** Opening PROVIDED MATERIAL block **

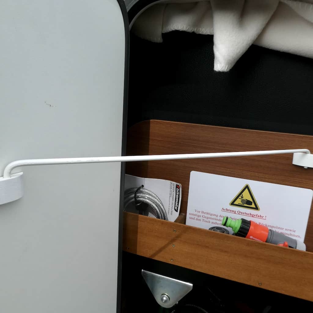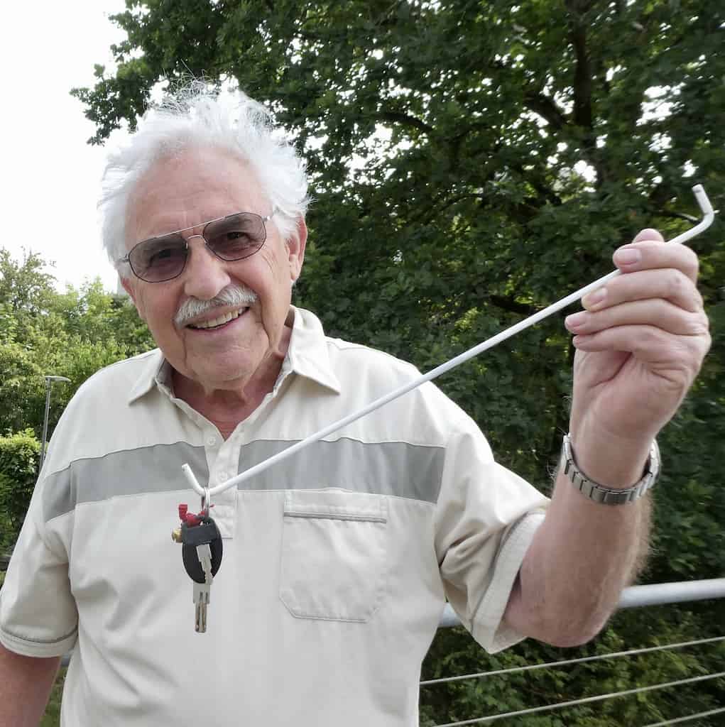 Zum Glück haben wir einen langen Haken dabei, der normalerweise die Garagentür als Sichtschutz beim Aussenduschen offenhält. Der rettet uns aus dieser blöden Situation und Michael kann wieder strahlen. Solche Erfolgserlebnisse braucht der Mann einfach.
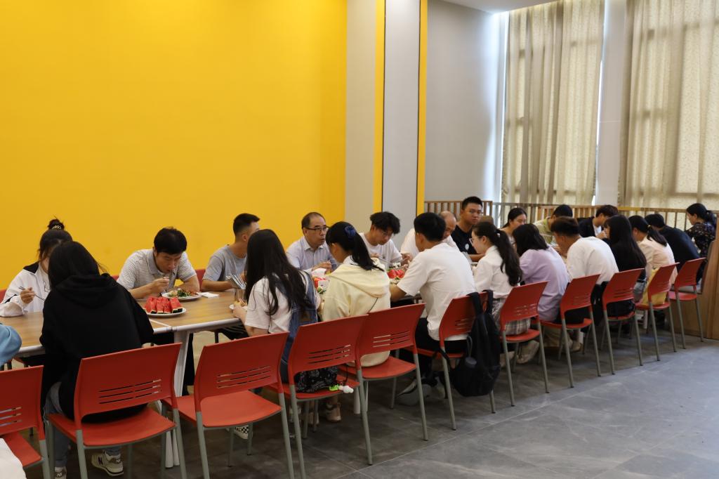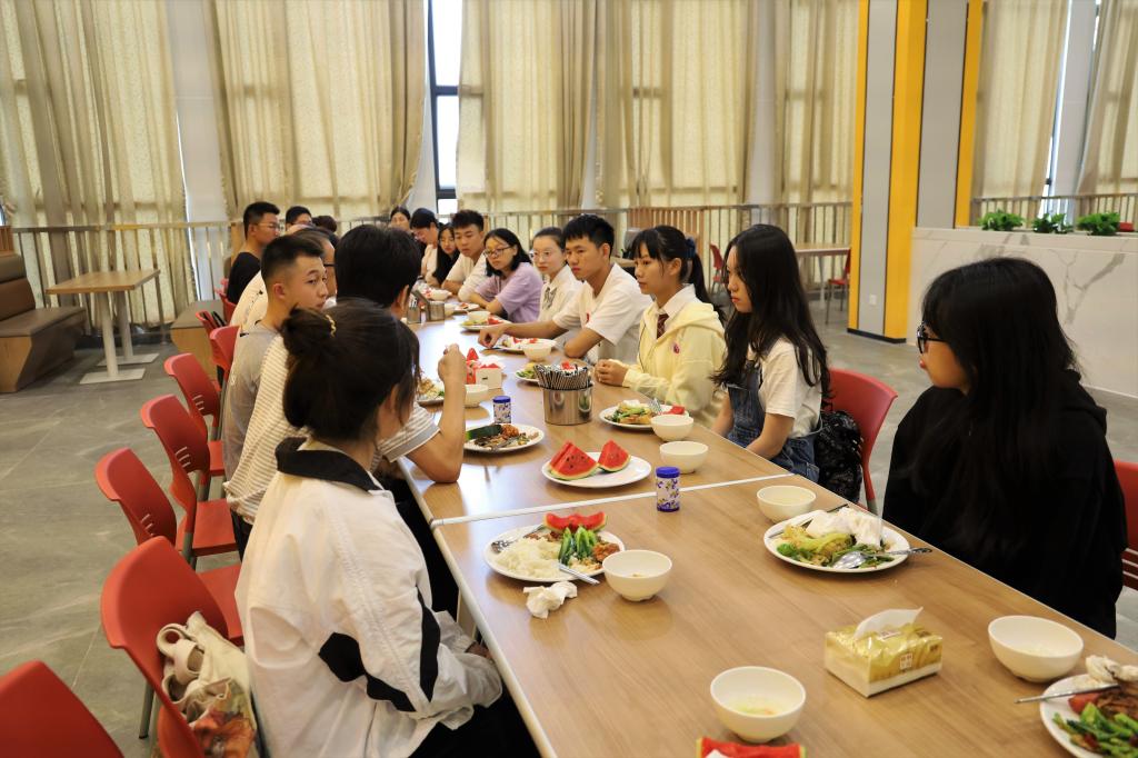 共进午餐,共话华商。10月12日中午,本学期第一次校长书记午餐会在四会校区举行。执行校长郭银华、党委书记苏宁、副校长王力东及相关职能部门负责人,在四会校区智慧餐厅与2021级新生代表亲切交流共进午餐。
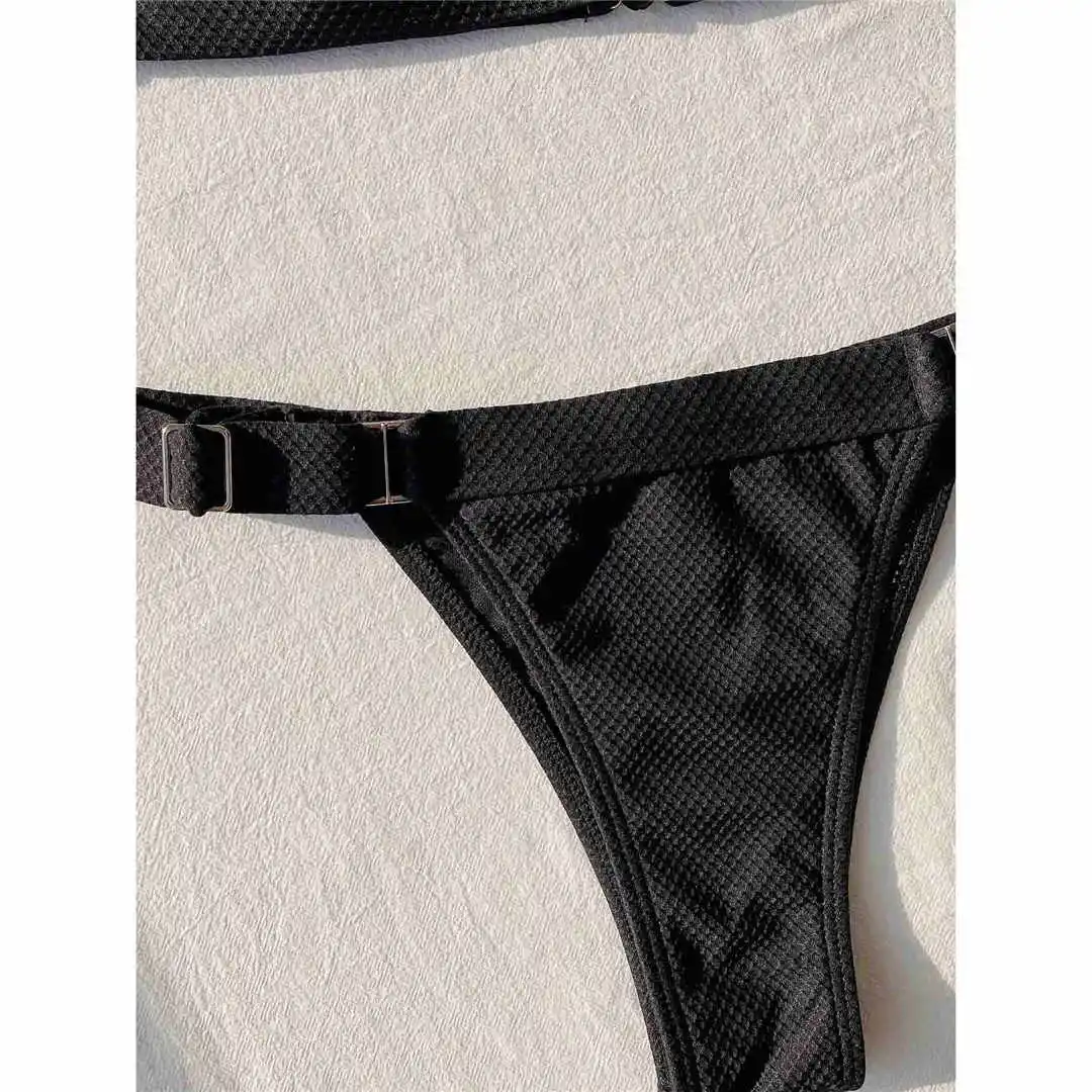 Женский купальник в рубчик, комплект бикини из двух частей с металл...
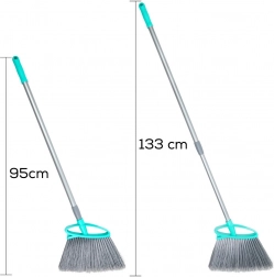 Ez az univerzális seprű mindennapi takarításhoz készült különböző felületeken – a járólaptól, betontól és kőtől egészen a műgyanta padlókig és fa padlókig. A rugalmas és sűrű szintetikus sörték hatékonyan összegyűjtik a port, homokot, morzsákat és szőrt, és a makacsabb szennyeződésekkel is megbirkóznak. A teleszkópos rúddal könnyedén beállíthatja az ideális hosszúságot a kényelmes és ergonomikus sepréshez.

** Closing PROVIDED MATERIAL block **

- TASK ITEM: Everything in the preceding material must be transcribed exactly, except the images.

- SOLUTION TO THIS TASK:
 Zum Glück haben wir einen langen Haken dabei, der normalerweise die Garagentür als Sichtschutz beim Aussenduschen offenhält. Der rettet uns aus dieser blöden Situation und Michael kann wieder strahlen. Solche Erfolgserlebnisse braucht der Mann einfach.
 共进午餐,共话华商。10月12日中午,本学期第一次校长书记午餐会在四会校区举行。执行校长郭银华、党委书记苏宁、副校长王力东及相关职能部门负责人,在四会校区智慧餐厅与2021级新生代表亲切交流共进午餐。
 Женский купальник в рубчик, комплект бикини из двух частей с металл...
 Ez az univerzális seprű mindennapi takarításhoz készült különböző felületeken – a járólaptól, betontól és kőtől egészen a műgyanta padlókig és fa padlókig. A rugalmas és sűrű szintetikus sörték hatékonyan összegyűjtik a port, homokot, morzsákat és szőrt, és a makacsabb szennyeződésekkel is megbirkóznak. A teleszkópos rúddal könnyedén beállíthatja az ideális hosszúságot a kényelmes és ergonomikus sepréshez.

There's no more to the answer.